Мы часто бегали на железнодорожную станцию встречать военные эшелоны с солдатами. Каждый проходящий такой состав сопровождался детскими криками: « Мой папа едет!» Конечно, моего папы там не было, Иван Иванович Ведешин погиб в сентябре 1944 года. Но очень хотелось верить, что он ехал в одном из этих поездов.
Саша из Башкирии
В Глазове я окончила школу, потом - педучилище в городе Можга, и меня направили работать в удмуртское село Новые Зятцы, где я встретила своего будущего мужа Александра Сергеевича Ценёва, (друзья называли его наш Пушкин). Саша был родом из Башкирии. Я - учительница начальных классов, он - историк. Поженились и уехали в село Саклово Краснокамского района к его родителям, которые были уже в преклонном возрасте. Тогда уже начали строить город Нефтекамск, куда мы потом переехали. Мама осталась в Глазове, она второй раз вышла замуж, у нее появились дети. И мы уже мало общались, у каждого своя семья, работа.

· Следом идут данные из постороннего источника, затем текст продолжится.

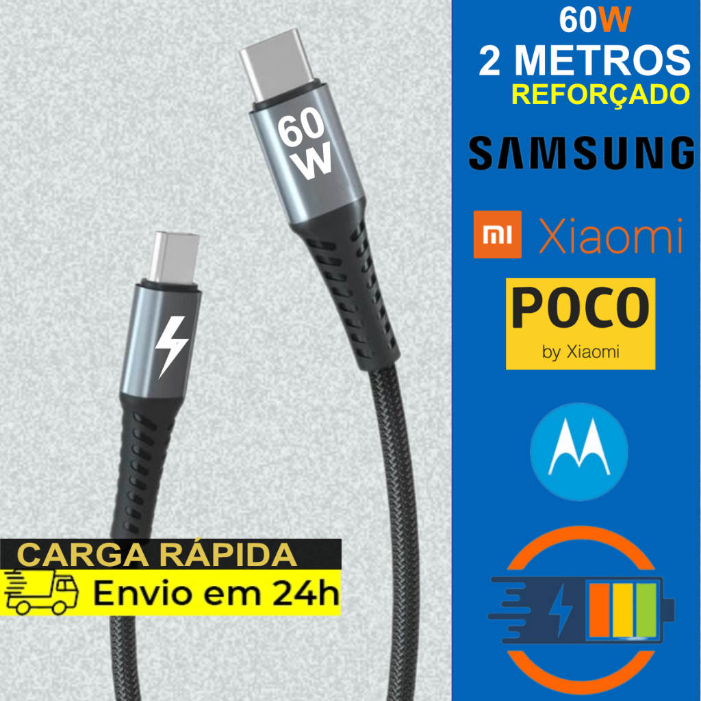 Cabo Tipo C Turbo 60W 2 Metros para Samsung Xiaomi e Iphone 15 Turbo Reforçado USB-c nas duas pontas

Особого внимания на судьбы блокадников тогда не обращали. И со временем из памяти многие подробности стерлись. Разговоров в семье на эту тему тоже не вели. Героями были те, кто воевал, а мы же просто голодали, как и вся страна. В 1990 году мама поехала в Ленинград, в архиве ей выдали справку и значок блокадника, она мне такой же привезла. Всю жизнь я проработала в нефтекамской школе преподавателем начальных классов. Воспитали с мужем двоих детей. Сын Сергей работает инженером-конструктором на заводе, дочь Наталья – логопед. А еще у меня есть внуки – Наталья и Глеб, и правнучки – Камила и Омелия.
Папа – настоящий разведчик
Сегодня на месте нашего ленинградского дома в построили океанариум. А мой папа, оказывается, был разведчиком. Мы о нем ничего не знали, пока два года назад моя дочь Наталья не стала собирать материалы. В 1944 году из Ленинградского фронта Нарвского направления его переправили на Прибалтийский фронт. Надо искать, какой путь прошла дивизия, куда ее передислоцировали. Знаем, что он был ранен, что за участие в боевых операциях был награжден Орденом Славы 3-й степени, и Орденом Красной Звезды.
В одном из наградных листов написано, что «…старшина Ведешин в ночь с 24 на 25 августа 1944 года, действуя со своей группой в районе города Эльва, обнаружил сосредоточение немецких самоходных орудий на высоте…, готовившихся контратаковать наши части, о чем поставил своевременно командование дивизии в известность, благодаря чему немецкая контратака была сорвана».
И дальше подчеркнуто красным карандашом: «Действуя со своей группой, сам уничтожил 5 немцев и захватил одного в плен, который дал ценные сведения». Подпись – командир 76 отделения разведроты, лейтенант Клименко. 26 августа 1944 года.
А в похоронке сказано, что Иван Ведешин убит 9 сентября 1944 года, сражаясь в боях с немецкими захватчиками и похоронен в Эстонии, возле озера Вырт Ярве, но где именно пока не знаем.